Calculation with values previous row (generated by a formula) and current row

i am supposed to generate the last 4 columns (referring as result columns E to H) using the data from the first 4 columns (referring as data columns A to D).
The first row in the result column is copied from the first row of the data column.
The formulas for column 5 and 6 (grouped_create_date and grouped_id) is as below from excel.
Formula is cell E5 = =IF(AND(AND($C2=$C3,$D2=$D3),$A3-$E2<30),$E2,$A3)

Formula is cel E6 = =IF(AND(AND($C2=$C3,$D2=$D3),$A3-$E2<30),$F2,$B3)

Cell E(n) and Cell F(n) is a copy from Cell C(n) and Cell D(n).

Data is as below.

create_date id accountid country grouped_create_date grouped_id accountid country
6/2/2016 OPP1 A1 Australia 6/2/2016 OPP1 A1 Australia
5/25/2017 OPP2 A1 Australia 5/25/2017 OPP2 A1 Australia
5/26/2017 OPP3 A1 Australia 5/25/2017 OPP2 A1 Australia
5/26/2017 OPP4 A1 Australia 5/25/2017 OPP2 A1 Australia
9/22/2017 OPP5 A2 Netherlands 9/22/2017 OPP5 A2 Netherlands
9/22/2017 OPP6 A2 Netherlands 9/22/2017 OPP5 A2 Netherlands
12/27/2017 OPP7 A2 Netherlands 12/27/2017 OPP7 A2 Netherlands
2/16/2016 OPP8 A3 China 2/16/2016 OPP8 A3 China
2/17/2016 OPP9 A3 China 2/16/2016 OPP8 A3 China
3/14/2016 OPP10 A3 China 2/16/2016 OPP8 A3 China
4/11/2016 OPP11 A3 China 4/11/2016 OPP11 A3 China
4/25/2016 OPP12 A3 China 4/11/2016 OPP11 A3 China
6/2/2016 OPP13 A3 China 6/2/2016 OPP13 A3 China
3/2/2016 OPP14 A4 Australia 3/2/2016 OPP14 A4 Australia
3/2/2016 OPP15 A4 Australia 3/2/2016 OPP14 A4 Australia
3/16/2016 OPP16 A4 Australia 3/2/2016 OPP14 A4 Australia
5/19/2016 OPP17 A4 Australia 5/19/2016 OPP17 A4 Australia
6/24/2016 OPP18 A4 Australia 6/24/2016 OPP18 A4 Australia

I am able to use the lag column and rule engine node. To generate the nth row in the result column (5 and 6), how do I store the variables from (n-1)th row so that I can use in the formula above?

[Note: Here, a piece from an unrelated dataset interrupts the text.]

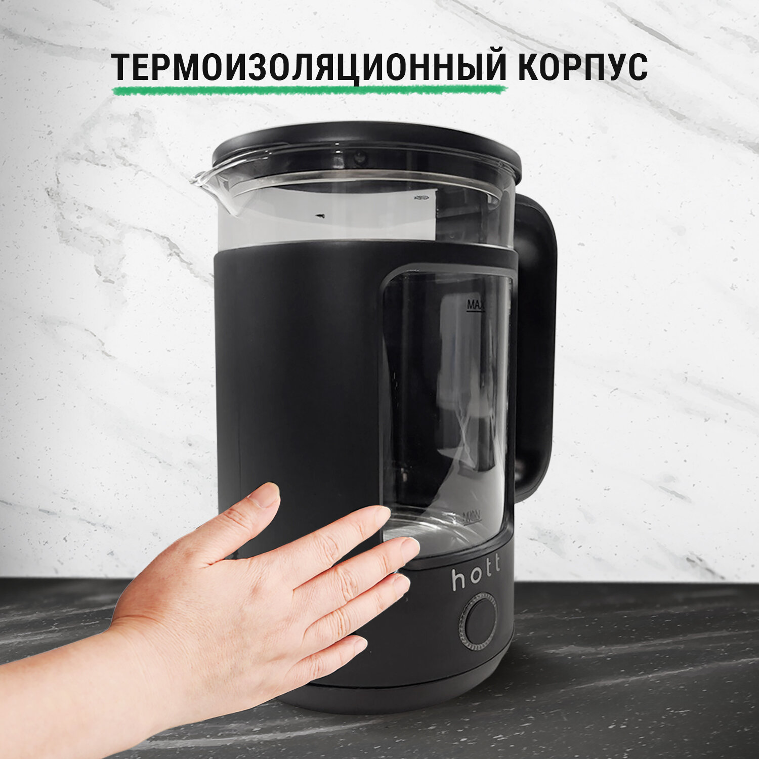 Купить Чайник электрический (электронный) стеклянный с подсветкой Hott HT-EKGD04 черный. Электрочайник с подставкой пластиковый с прозрачными вставками из стекла и корпусом из нержавеющей стали

I saw a post on Java snippet variable (understood that to be a substitute of lag column). Saw on recursive loop but I am not sure how to apply here.

Appreciate your time.

Thanks,
Shalini

Hi,

To get data from the rows (N) and (N+1) into the same row, you only need Moving Aggregation node with appropriate settings - see attached workflow. Then you are able to apply any rule/math operation.

Martin K.

image

Moving_Aggregation.knwf (3.7 KB)

2 Likes

Hi @shalinirs,

If I understood your problem correctly, you can either calculate the values using the current and the previous row values (which is a bit tricky to do, but possible, so please let me know if another option doesn’t work for you for some reason) or using the current row and the next row values.

For example in your formula you’re using the values from the current row (C2, D2…) and from the next row (D3, A3…).

In the latter case you can use the Lag Column node with step = 1 or as @Martin_K suggested, the Moving Aggregation node with window length = 2, Forward window type and the “Last” aggregation method.

Best,
Anna

1 Like

Hi,

I tried the moving aggregation node. However, I needed to calculate the values in Column 5 (grouped_create_date) for every row taking values from the current and previous row (which I did through the Lag column) and taking the result from previous row in Column 5.
I managed to do with a python node that iterates over a pandas dataframe and updates the values for the result column depending on the current and previous row value.